Reading is the best way for the would-be writer to familiarize herself with words put on paper, rather than heard on television or seen in graffiti. Quiller-Couch recommends reading the classics — Homer, Virgil, et al. in the original Greek or Latin, but this may be a tad much for the novice writer whose reading background has been limited to the menu at McDonald’s.

Our mentor stresses the value of reading in absorbing the role of vowel sounds. If the consonants are the percussion section of our verbal orchestra, the vowels are the violins. This doesn’t mean that the composer may use them with abandon (loose vowels), but that they serve as the major affective instrument in the concerto for pen and paper.

So if our Homer is more of a pop fly, what kind of reading provides the best tonic for the writer’s vocabulary? The tabloid newspaper that suffices for too many readers is fashioned for mouth-breathers, folk who view words of more than one syllable as a threat to comprehension. At the other extreme are today’s “critically acclaimed” novels that employ words that have a difficult relationship with their meaning, or are so arcane that even the author seems unsure of their connotation.

The classics are safer for reading. Their durability is testimony to the authors’ concentrating on the story to be told, without readers having to commute to the nearest Webster.

The public library: that is the place to find reading that fructifies vocabulary. Walk straight past the table of latest bestsellers to the stacks that bear the classics.
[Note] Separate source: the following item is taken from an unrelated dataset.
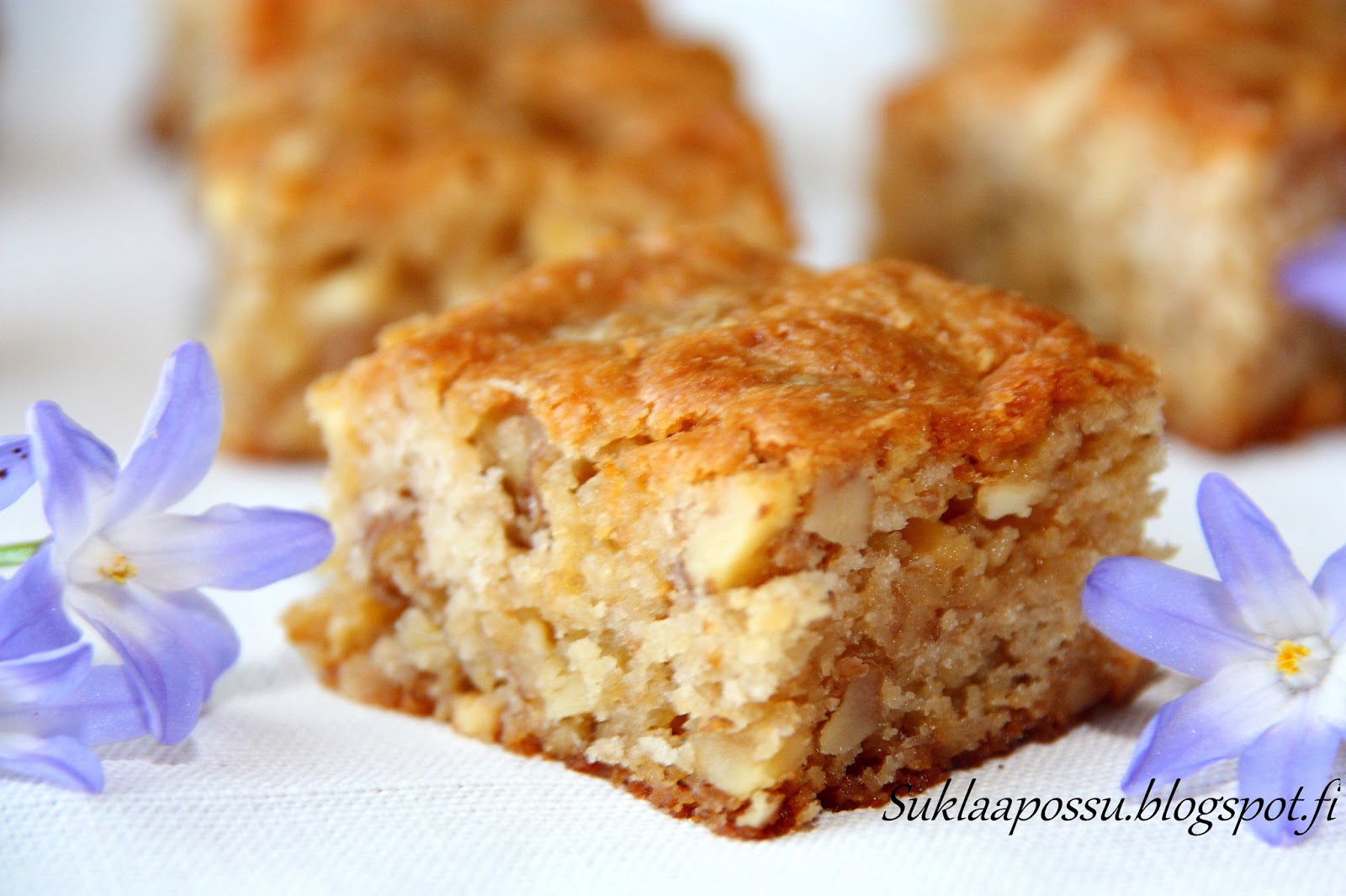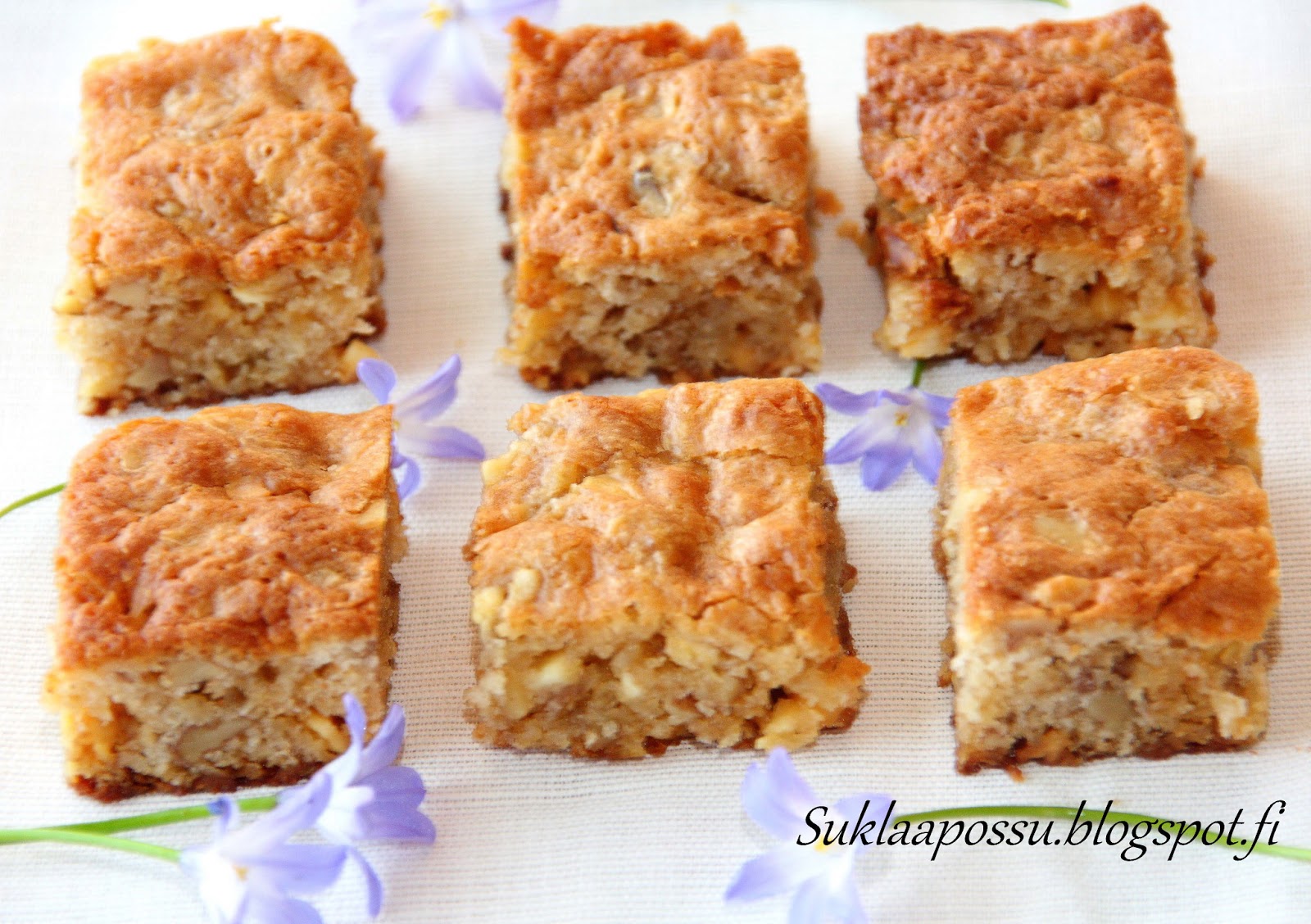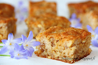 Aineet: 175 g + 75 g valkosuklaata 50 g voita 100g Saksanpähkinöitä 2 munaa 0.8 dl sokeria 1 tl vaniljajauhetta 0.5 tl leivinjauhetta 1.25 dl vehnäjauhoja

When you check out a work by William Makepeace Thackeray or Anton Chekhov, the librarian will look at you with new respect.

For maximum benefit this reading should be done in bed. The brain seems to benefit from having the feet somewhat elevated. The prone position, too, facilitates distribution of such blood as is flowing to the cortex, though falling asleep over your book may invoke suffocation.

What is not verbally salubrious is reading on the computer. Google is no substitute for good books. On the Internet all paths lead to naughty pictures, regardless of whether the reader set out to check a ferry or train schedule. If he or she is impoverished for human company, the Internet readily seduces the reader into an exchange of e-correspondence with another loner in Tibet — and into the delusion that this matches the quality of the letters of Bernard Shaw and Ellen Terry.

No, the computer, as an editor, has no talent beyond bugging you about your spelling. Picky, picky, picky, and not a good word to say about your punctuation.